Plan of the Walkington Wold burials.

The Walkington Wold burials in the East Riding of Yorkshire, England, comprise the skeletal remains of 13 individuals from the Anglo-Saxon period which were discovered in the late 1960s, during the excavation of a Bronze Age barrow. Subsequent examinations have concluded that they were decapitated Anglo-Saxon criminals, and that the site is the most northerly of its kind known in England.

==Original excavation==

Walkington Wold skeletal remains.

Archaeologists Rod Mackey and John Bartlett discovered the burials while excavating the Bronze Age barrow at Walkington Wold, about 2 kilometres (1.25 miles) west of the Yorkshire village of Walkington, from 1967 to 1969. Twelve skeletons were unearthed, ten of which were without skulls, though eleven skulls were also found, most of which were without jawbones. All were buried randomly, though three appeared to have been buried together, with most of the skulls well away from the bodies. Some of the skulls were found at the centre of the barrow mound, while the bodies were all located at the perimeter. Theories of their identity included victims of a late Roman massacre, Anglo-Saxon executions, or even a Celtic head cult.

==Re-evaluation==
The skeletons were re-examined in 2007 by archaeologists Jo Buckberry from Bradford University and Dawn Hadley from Sheffield University. It was revealed that in fact 13 individuals were unearthed in the late 1960s, all had been aged between 18 and 45, and, while eight of the skeletons and nine of the skulls were identified as certainly male, none were identified as female. Radiocarbon dating showed that the remains range from the mid 7th century to the early 11th century. It also indicated that the apparent "triple burial" in fact consisted of separate burials in the same location. Examination of the skeletons revealed that their owners were subjected to judicial execution by decapitation, one of which required several blows. Furthermore, the heads were probably displayed on poles as warnings to others, which was a known practice in Anglo-Saxon England. While the burial site is ideally situated for public display on a rise by a road, the absence of jawbones from most of the skulls suggests that they fell off as the heads decomposed on the poles.

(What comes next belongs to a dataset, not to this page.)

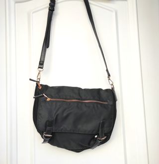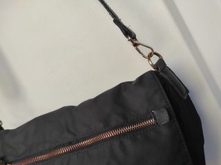 Bolso bandolera de nylon en color negro. Tiene varios compartimentos, cada uno con cierre de cremallera y bolsillos interiores. Las asas son regulables. Es muy cómodo para llevar a diario. Es de Misako.

The crimes of the men are unknown, owing to the lack of any associated documentation. The burial site is between Walkington and the deserted village of Hunsley, adjacent to the modern hamlet of High Hunsley, at the boundary of the then hundreds of Welton and Cave. The use of an ancient barrow site situated on the boundaries between communities indicates that the executed were excluded from the community, even in death. According to Mackey, the site had been known locally as "'Hell's Gate' – suggesting there was a folk memory [from] when it was used as an execution site."

==Significance==

Walkington Wold excavation site.

While Walkington Wold is "unusual in being the most northerly example yet found of an Anglo-Saxon execution cemetery", the site contributes evidence that such execution cemeteries were used periodically over a long time, being established long before their first documentation in the 10th century, and that men, rather than women, tended to be executed for crimes in mid to late Anglo-Saxon England. It also demonstrates continuity over a period which includes the upheavals of Scandinavian invasion and settlement.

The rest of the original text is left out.